Produce stand: 100-hour-a-week job


EASTON -- Beginning about mid-May, when strawberries and asparagus are in season, until deep into October, when pumpkins are ripe on the vine, Audrey Callahan spends nearly every day at westbound U.S. 50 and Plugge (pronounced "ploo-gy") Road in Talbot County.

One of dozens of produce sellers with roadside stands every summer along Eastern Shore highways, Mrs. Callahan suffers the hot sun, afternoon thunderstorms and humidity thick enough to slice. From sun-up until sundown, she lives outdoors, putting in nearly 110 hours a week running the family business.

Of course, Mrs. Callahan, 53, doesn't do all the work alone. The whole family -- husband, Alvin; son, Marvin, and his wife, Sue; and a another relative here and there -- pitches in to keep the wooden carts at Barnyard Produce stocked with vegetables and fruits grown on its nearby farm.

The Callahans opened their U.S. 50 stand, north of Easton, four years ago. They have another on Route 404 to serve local traffic and the vacationers taking the secondary route to Delaware beaches. When the produce season ends, Mrs. Callahan drives a school bus.

Q: A passing motorist who sees you standing by the side of the road might think you've got an easy job. What's your day like?

A: Most of the time we get up about 5 o'clock to start picking the produce to bring out here as soon as it gets light.

From 8 o'clock to 6:30 or 7 in the evening, we're basically waiting on customers and refilling the shelves. We usually start closing about 7 p.m. We have to take everything off the shelves here [on U.S. 50].

I don't have to do that on my stand on Route 404 because it's closer to the house. There, after 6, we leave a little box for self-serve. A lot of local people going home from work who want some peaches or tomatoes stick the money in my little mail box. [But] people will steal stuff here at night if we don't close it up.

It seems to be a different class of people.

Q: You mean people from the Western Shore?

A: I didn't want to say that. I tried to phrase it nicely.

Q: How important is the display?

A: You've got to have it displayed good. The more appealing it is to the eye, the more apt a customer is to buy it. You put the green cucumbers in, and the yellow squash next to them. You can't just throw it all on the shelf.

Most of the time, you want the fruits together. With the cantaloupes and watermelons, you want the bright side up.

Q: What kind of produce do you sell at this time of the year?

A: We've got cantaloupes, eggplants, green beans, squash, red potatoes, white potatoes, peaches, nectarines, plums, tomatoes and sweet corn. We've got three kinds of melons, three or four types of watermelons, peppers, cooking apples. We've also got honey and preserves. We sell a lot of honey.

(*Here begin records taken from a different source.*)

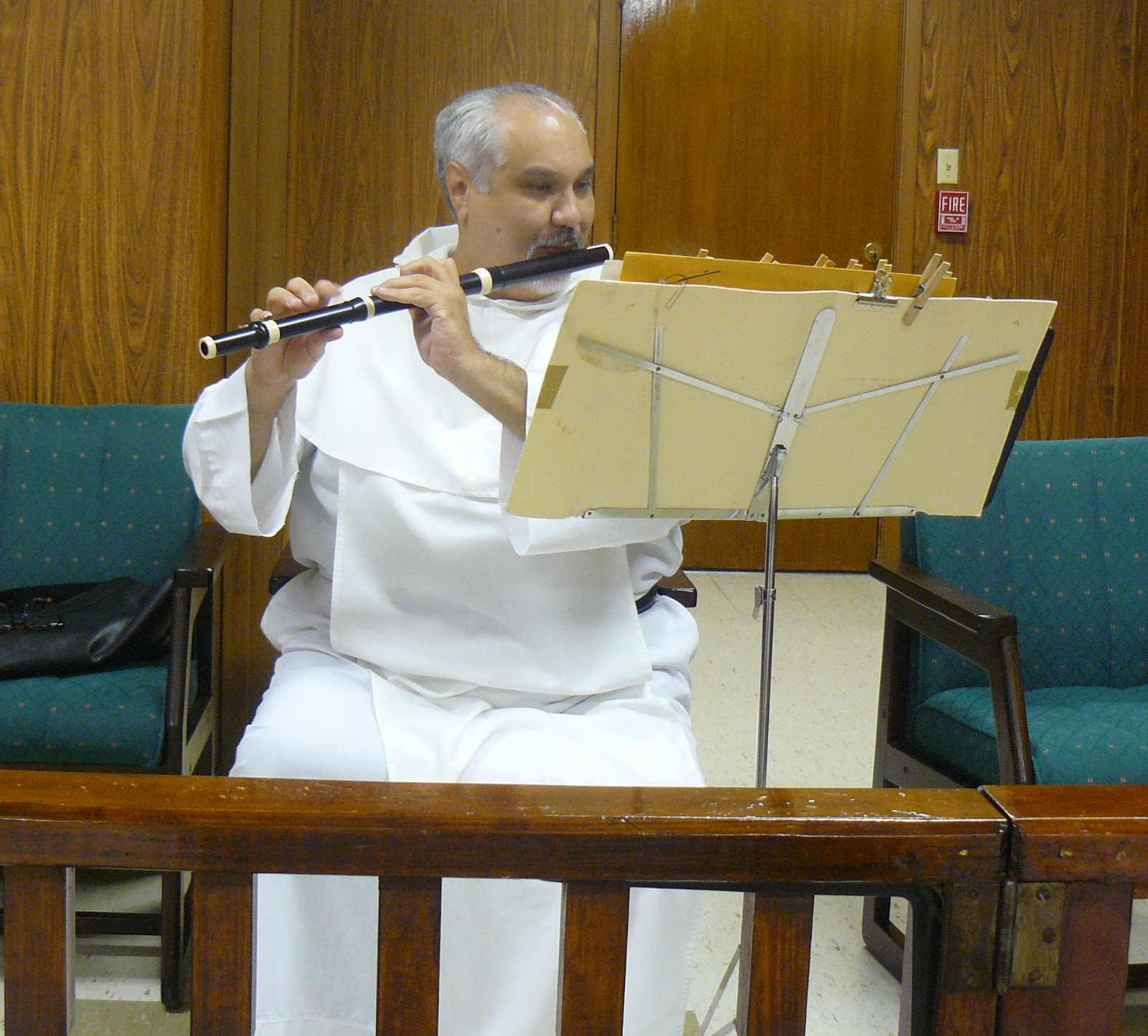 Recently we enjoyed a visit with Fr. Ramon Gonzalez, OP, of our Dominican province of St. Martin de Porres (the southern province). He came to our monastery to visit our chaplain, Fr. Marcos Ramos, OP, and graciously met with us on Friday evening. Father Ramon is an accomplished flautist and spent most of the visit entertaining us on the flute:
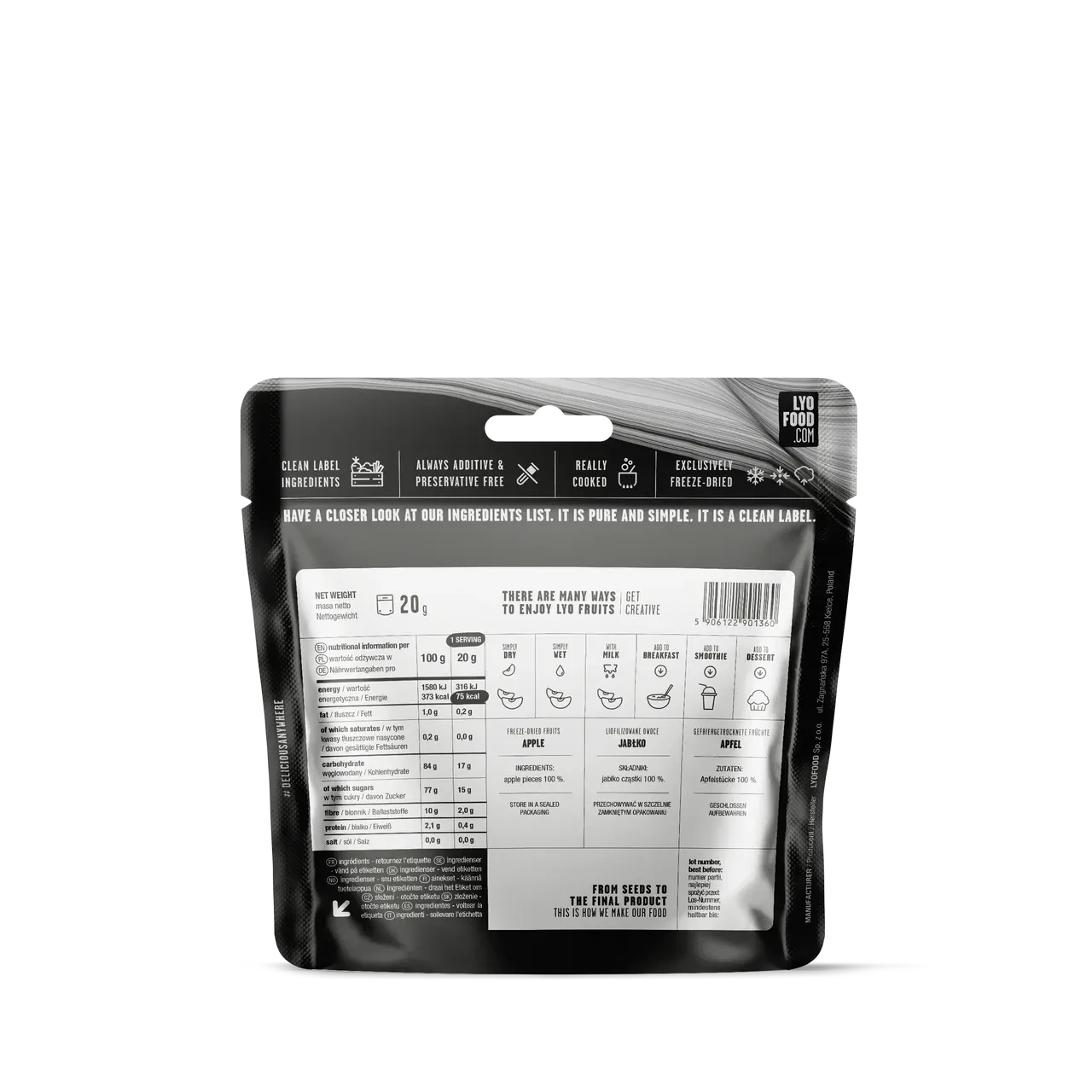 Disse sprø, frysetørkede eplebitene fra LYOFOOD er en ren fruktsnack laget av 100 % epler – helt uten tilsatt sukker eller tilsetningsstoffer. De passer like godt alene som i frokostblanding, smoothies eller som sprø topping på desserter. Ultralett og med lang holdbarhet – ideelt for tur, hverdag og beredskap.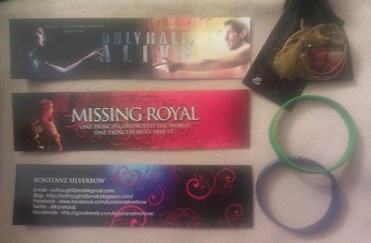 An Only Half Alive BookmarkA Missing Royal BookmarkThe Enchanted Rose Bookmark An Only Half Alive Silicone BraceletOne piece of Missing Royal Swag (Pendant or Key-chain) and a *"Protected by Dragons" Decal*Not pictured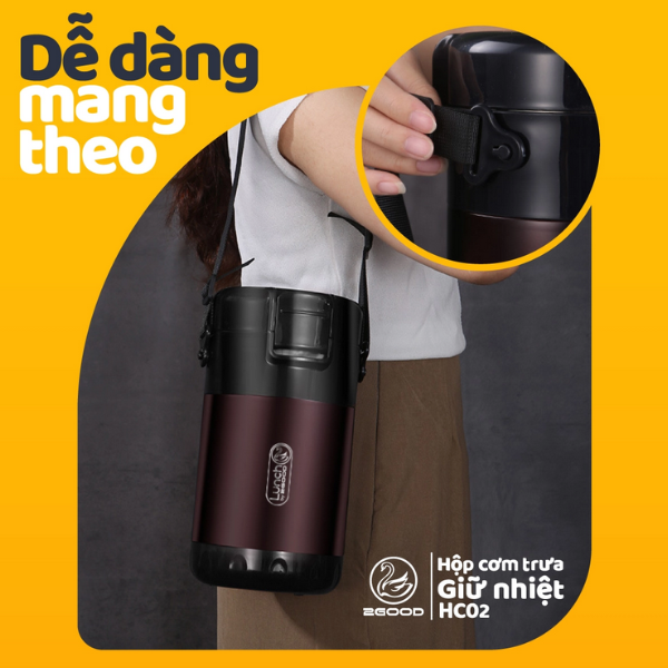 -Dễ dàng mang theo đến trường học, nơi làm việc mà không tốn sức với việc sử dụng túi vải tặng kèm hoặc quai đeo của hộp cơm

Q: Is there one fruit or vegetable that people keep asking for that you don't carry?

A: Bananas. I have probably had 15 people in two weeks ask me for bananas. I just say we only sell local produce. We don't have banana trees here.

Q: Have you found that customers are more health conscious than when you started selling produce 10 years ago?

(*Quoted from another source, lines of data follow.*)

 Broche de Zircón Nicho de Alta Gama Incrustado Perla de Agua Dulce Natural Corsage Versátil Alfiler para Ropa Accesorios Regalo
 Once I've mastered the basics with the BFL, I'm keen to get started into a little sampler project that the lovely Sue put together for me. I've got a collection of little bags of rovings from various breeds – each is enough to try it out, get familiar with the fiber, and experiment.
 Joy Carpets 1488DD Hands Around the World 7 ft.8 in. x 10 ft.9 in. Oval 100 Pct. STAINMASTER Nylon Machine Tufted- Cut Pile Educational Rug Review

A: Oh, yeah. We sell a lot more fruit now than we used to. I see people buying fruit for kids. They're buying them plums and nectarines to eat instead of candy and junk.

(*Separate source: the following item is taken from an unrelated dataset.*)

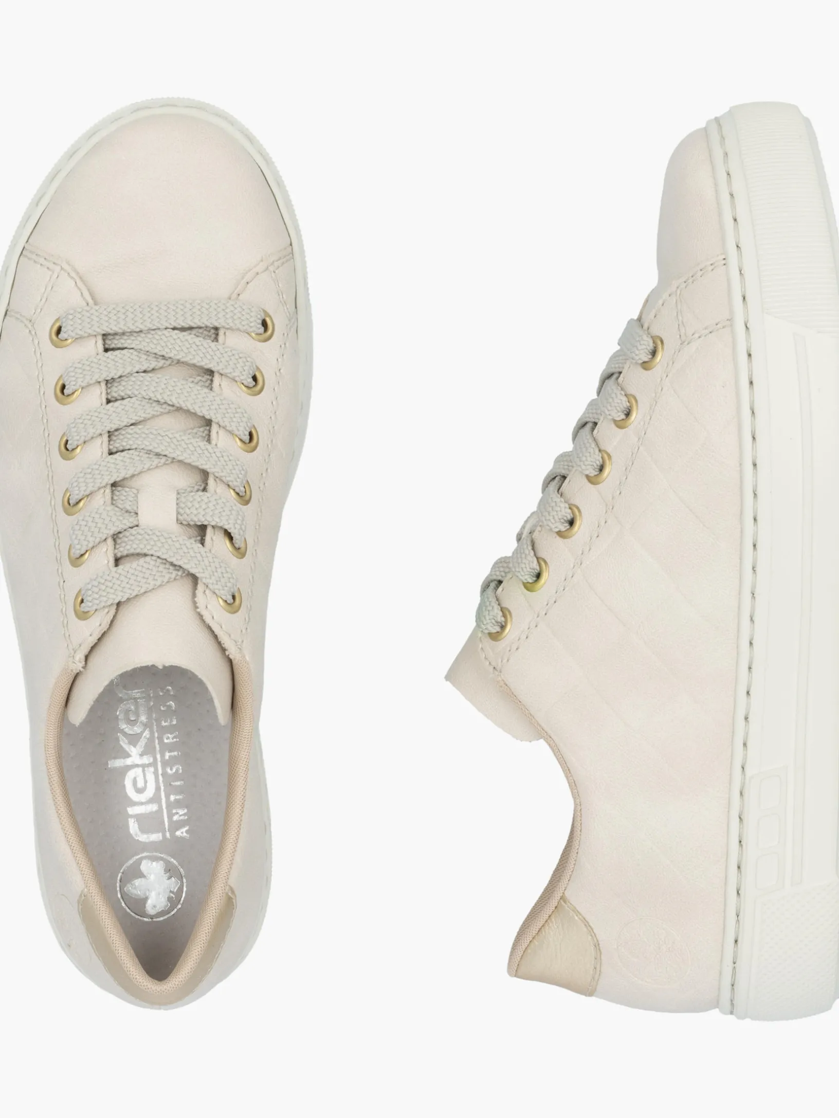 Easy walking, easy living! Diesen hellbeigen Rieker Sneaker für Damen möchte man gar nicht mehr ausziehen. Zusätzlich sorgt die Schnürung für eine gute Fußanpassung. Die ultra leichte und flexible Sohle verwöhnt die Füße zusätzlich bei jedem Schritt. Außerdem sorgt die extra weiche Decksohle für eine Extraportion Tragekomfort. Mehr geht nicht!

Q: How do you tell when produce is ready to be eaten?

A: Most of the cantaloupes and honey melons are ready when they're good and orange and when they have an aroma in the stem end. Banging on them doesn't tell me anything.

You can tap on watermelons, though. If they've got a hollow sound, they're ripe. If they have a dead sound, they could be over-ripe or not ripe enough.

Q: You have several different kinds of watermelons. What are their names?

A: Sangria, Crimson Sweet, Seedless and Sugar Baby.

Q: What's the biggest seller?

A: Probably Crimson Sweet. It's one of the oldest types of watermelons, and people know it better. It's the round, striped one.

Q: Which one do you prefer to eat?

A: Sangria. It's redder inside and sweeter.

Q: You have a good tan. Is that from working at your stand or on your farm?

A: That's from here. It's hot.

I don't wear shorts because the flies and the bugs tend to bite a lot. Drives me crazy. There's not a whole lot you can do except get in the shade when you're not busy. For the last two weeks, it's just been terrible out here with the humidity. The humidity makes your produce go bad quicker.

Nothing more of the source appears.